Exercise directions
Locate "في دليل المنتج)" in the data below, then output the line it is on and all following lines through the last, word for word. Skip any pictures.

Exercise data
•••
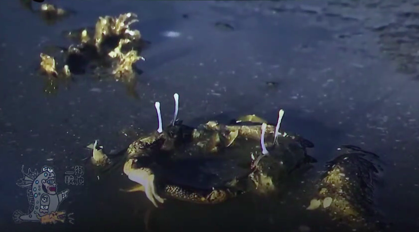 海边还有很多各种有趣的生物,比如像万岁大眼蟹。
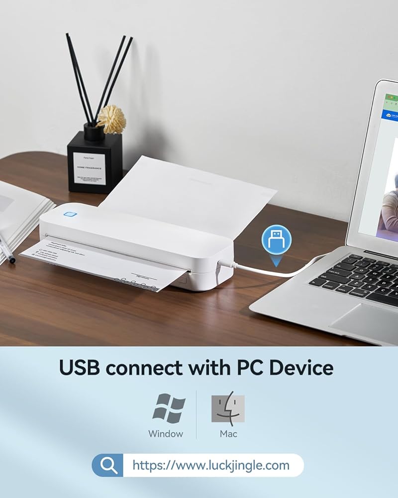 【إعدادات الطباعة BT وUSB】تدعم هذه الطابعة اللاسلكية المحمولة الاتصال اللاسلكي بالهواتف والأجهزة اللوحية التي تعمل بأنظمة تشغيل iOS وAndroid. وفي الوقت نفسه، يتوفر اتصال USB سلكي لأجهزة الكمبيوتر التي تعمل بنظامي التشغيل Windows وMac OS. يتم تضمين محول USB من النوع C. ملاحظة: 1) قم بتنزيل تطبيق "Luck Jingle" من متجر التطبيقات. 2) اضغط مع الاستمرار لمدة ثانيتين لفتح الجهاز، 3) قم بتشغيل بلوتوث هاتفك وافتح التطبيق، 4) أضف جهاز D80 في الزاوية اليمنى العليا من التطبيق لإنشاء اتصال Bluetooth. تحتاج إلى تنزيل برنامج التشغيل من موقع الويب مسبقًا لاستخدامه على جهاز الكمبيوتر. (يمكنك التحقق من عنوان URL لبرنامج التشغيل في دليل المنتج)
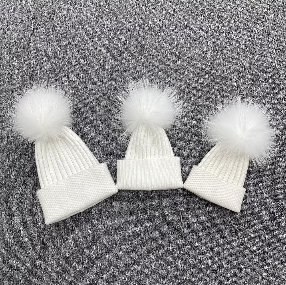 Søt baby lue i ull med avtagbar pels dusk. Ribbet og fleksibel i størrelse. Passer lenge. Finnes i 3 størrelser. Vaskes på ullprogram. Klør ikke.
•••
Answer to the exercise
 【إعدادات الطباعة BT وUSB】تدعم هذه الطابعة اللاسلكية المحمولة الاتصال اللاسلكي بالهواتف والأجهزة اللوحية التي تعمل بأنظمة تشغيل iOS وAndroid. وفي الوقت نفسه، يتوفر اتصال USB سلكي لأجهزة الكمبيوتر التي تعمل بنظامي التشغيل Windows وMac OS. يتم تضمين محول USB من النوع C. ملاحظة: 1) قم بتنزيل تطبيق "Luck Jingle" من متجر التطبيقات. 2) اضغط مع الاستمرار لمدة ثانيتين لفتح الجهاز، 3) قم بتشغيل بلوتوث هاتفك وافتح التطبيق، 4) أضف جهاز D80 في الزاوية اليمنى العليا من التطبيق لإنشاء اتصال Bluetooth. تحتاج إلى تنزيل برنامج التشغيل من موقع الويب مسبقًا لاستخدامه على جهاز الكمبيوتر. (يمكنك التحقق من عنوان URL لبرنامج التشغيل في دليل المنتج)
 Søt baby lue i ull med avtagbar pels dusk. Ribbet og fleksibel i størrelse. Passer lenge. Finnes i 3 størrelser. Vaskes på ullprogram. Klør ikke.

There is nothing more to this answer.